Harnoncourt has made some strange repertoire choices before, including a legendarily bad recording of Verdi's Aida, but the sight of one of the most ultra-European musical figures (he rarely works outside Europe) trying to lead a jazz/musical-comedy opera with an all-black cast -- but with his regular chorus, the Viennese Arnold Schoenberg Choir -- was about as bizarre as it gets. Particularly since visual evidence suggests that, even in a concert without costumes, the staging managed to be kind of Euro-trashy. It's not quite the equivalent of Kiri Te Kanawa and Jose Carreras singing West Side Story, but it's close.

There will be no recording, of course, but there audio excerpt available online; it features the opening of Act 2 scene 2, with a chorus followed by "It Ain't Necessarily So," and while the song is pretty standard (it's an unkillable song), the chorus sounds like nobody has any idea what they're singing about or what these rhythms are supposed to signify, and the conducting is slow, strange and square. (Though to be fair, it's really no worse than parts of Simon Rattle's famous Porgy performances/recording.)



For all that, I like Harnoncourt a lot; he's actually one of my favourite living conductors, because while he is often bizarre, he's rarely completely uninteresting. (Even his recording of Aida has a certain perverse fascination as long as you don't expect it to be, you know, good.) He's one of those guys who approaches every work with a "concept," often based on weird readings of character motivations or what the composer was thinking, and then he interprets the music in light of whatever he happens to think it's about.

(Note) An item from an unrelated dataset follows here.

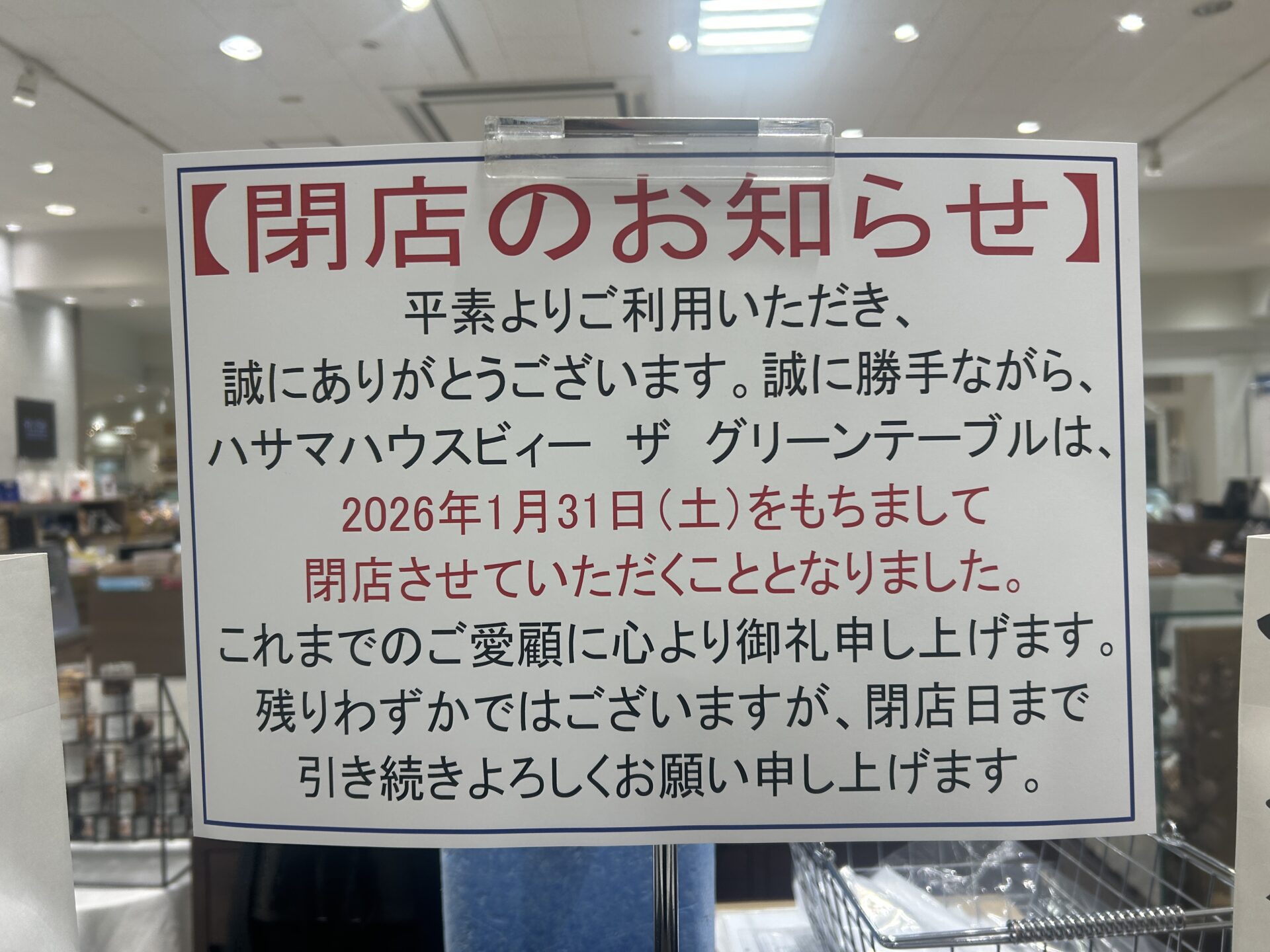 お知らせによると、【ハサマハウスビィー ザ グリーンテーブルは、2026年1月31日をもちまして閉店させていただくこととなりました】とのこと。

When the concept makes sense, it can lead to interesting performances, and while he's not a technically brilliant conductor, he's very good at getting a distinctive, biting sound out of any orchestra he works with (and the ability to execute a concept and create his own sound are more important, for a conductor, than having the clearest time-beating skills).

(Cross-posted at TV Guidance.)

3 comments:

Anonymous said...

I enjoy the Simon rattle recording quite a bit, but it's the only one I have heard (not counting things like Louis and Ellas recording. Her "my mans gone now" gives me chills every time.). What recordings of the complete opera do you recommend?
I saw a college production at oberlin years ago, and the trio at the end "where's my bess" left me shaking. Haven't heard a recording of that section that moves me so much, but I would like to...

Anonymous said...

"little moses was found in a straim"????

No recording beats the 1951 Columbia album which at 2 hours was considered to be complete. The cast and chorus has the roughness that Gershwin wanted and Ira supervised. The "Where's my bess" to the end is the best of any recording.
For genuinely complete-I'd go with the 1976 Houston Grand Opera-the point being that a cast which has LIVED the show onstage always beats a purer studio recording.

Jaime J. Weinman said...

Anonymous # 1: I would basically second the recommendations of Anonymous # 2.

The 1951 recording is perhaps the most exciting performance, where the performers aren't afraid to throw in ad-libs and other traditional bits of theatrical business that Gershwin would have approved of; it cut, I think, too much material but it was much more complete than any stage performances at the time. And it's the only recording that has a high baritone Porgy (Lawrence Winters), which I think is more appropriate than for the role, both historically and musically, than the basses and bass-baritones who usually get the part.

The Houston Grand Opera recording is the best of the uncut versions, and has terrific stereo "staging" and sound effects (which I love; others don't). Probably the first choice overall.

The first of the complete recordings, the 1976 Cleveland Orchestra recording on Decca under Lorin Maazel, is very studio-bound (made after concert performances with a very polite-sounding chorus), but has some fine singing (a young Barbara Hendricks as Clara) and the Cleveland Orchestra is the best ever recorded in this music.

The most recent Decca recording, by John Mauceri, is interesting for using the version that was performed on Broadway in 1935 (not as heavily cut as the 1951 version, but shorter than the full score, which is really too long), but the performance isn't competitive with the others.